Episode Details
Back to EpisodesMcDonald's Real Estate and Dividend Vault
Description
McDonald's: The Real Estate and Dividend Vault
You have been a customer your whole life.
What would it feel like to also be an owner?
In this episode of Trail Boss Radio, Dan
breaks down McDonald's Corporation — MCD — the
gift stock that came with his Robinhood referral
signup and turned out to be one of the most
instructive positions in The $100 Experiment.
Because McDonald's is not a fast food company.
Not to investors. To investors, McDonald's is
a real estate empire and franchise royalty
machine that happens to sell burgers — and has
been compounding wealth for patient shareholders
for 45 consecutive years.
This is Episode 5 of The $100 Experiment — the
live, week-by-week investment series where Trail
Boss Dan invests $100 every week into a
rotating ETF portfolio on Robinhood and documents
every decision, every hesitation, and every lesson
in public.
In this episode:
— Why McDonald's is not a fast food company —
it is a real estate and franchise royalty
machine that collects rent and royalties
from operators worldwide
— How $1,000 invested at McDonald's IPO in 1980
would be worth approximately $757,000 today —
a 15.88% compound annual growth rate over
45 years
— Why MCD's dividend yield of 2.60% is 2.5 times
higher than VOO — and what that means for
DRIP compounding over time
— How McDonald's has raised its dividend every
single year for 19 consecutive years — through
recessions, a pandemic, and inflation — without
missing a single payment
— Why the stock being down 12% over the past year
is not a red flag — it is potentially an
opportunity, with 34 analysts giving it a Buy
rating and a 12-month price target of $331.29
— The What-If question: what happens if MCD
becomes a fifth position in The $100 Experiment
at $100 per month — and how does a single
blue-chip dividend stock compare to a
diversified ETF dollar for dollar over one year?

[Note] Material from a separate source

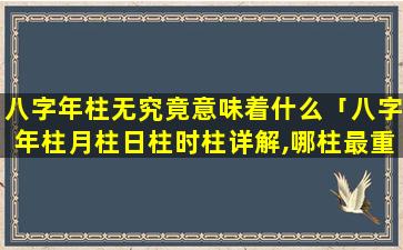 八字命理中,“年柱无究竟”是指年柱地支与日支 🕷 相 🦅 冲。
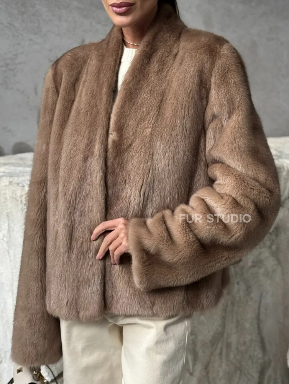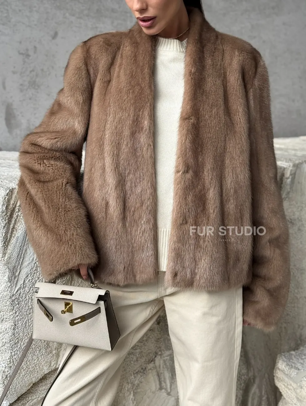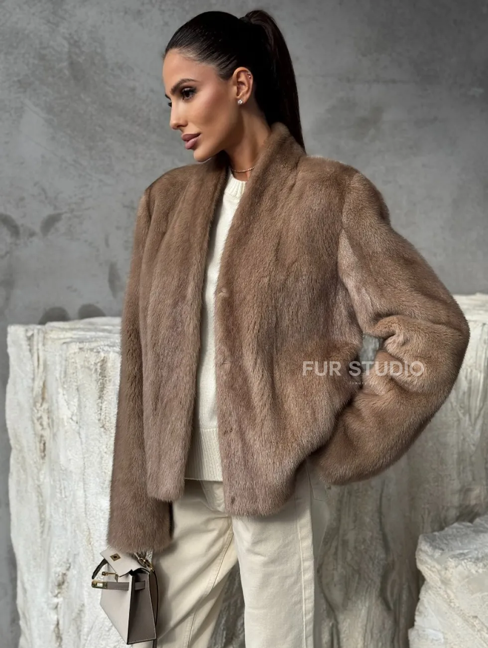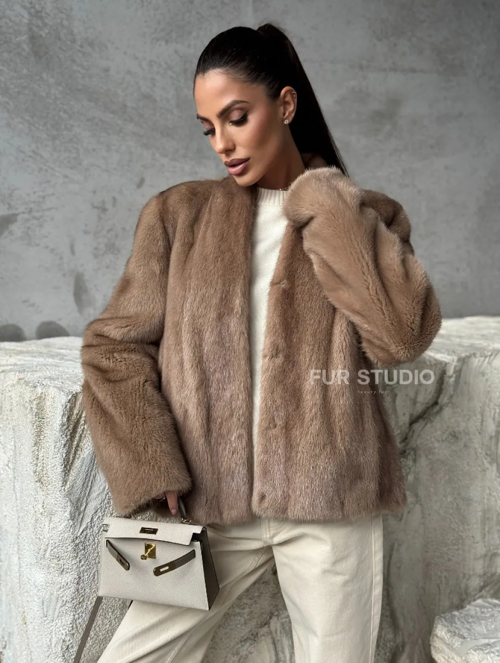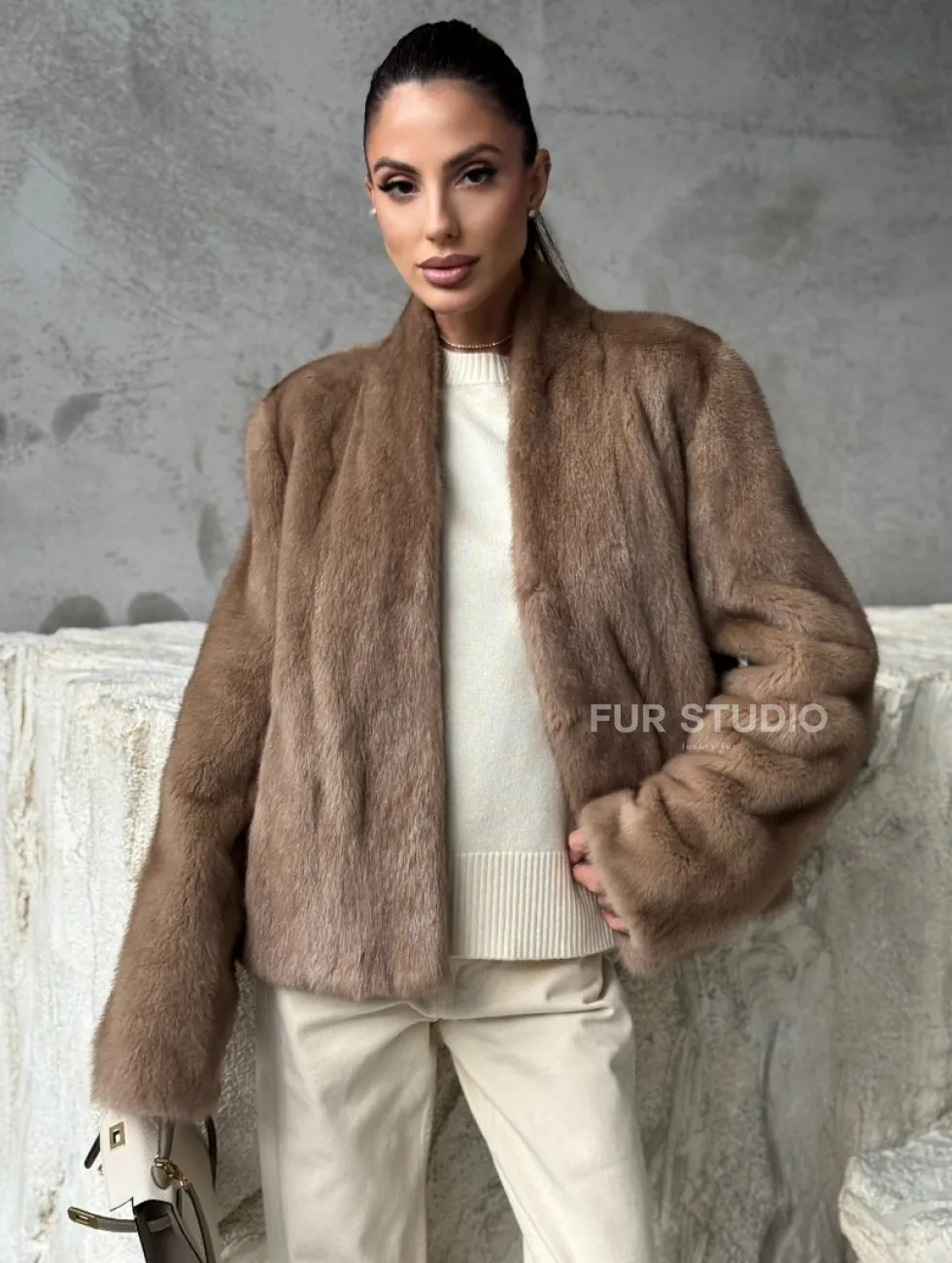 Кроп - жакет из норки Pastel с воротником V-образным 60 см доступна для покупки в нашем шоуруме Furs Studio в Москве. У нас так же есть доставка во все города России. Добавьте немного роскоши в свой гардероб с этой шубой, которая будет служить вам многие годы.

— The honest tradeoff: MCD is one company. One
bad earnings quarter, one food safety event,
one failed strategy can drop it 10-15% in
a week. VOO cannot do that. Understanding
that difference is the entire lesson.
— What McDonald's "Next" strategy means for
the company's future — automation, better
food, social media marketing, and raising
hospitality standards
You have been buying their food your whole life.
Now the question is whether you want to start
collecting on every burger sold worldwide —
starting with a gift stock and $100 a month.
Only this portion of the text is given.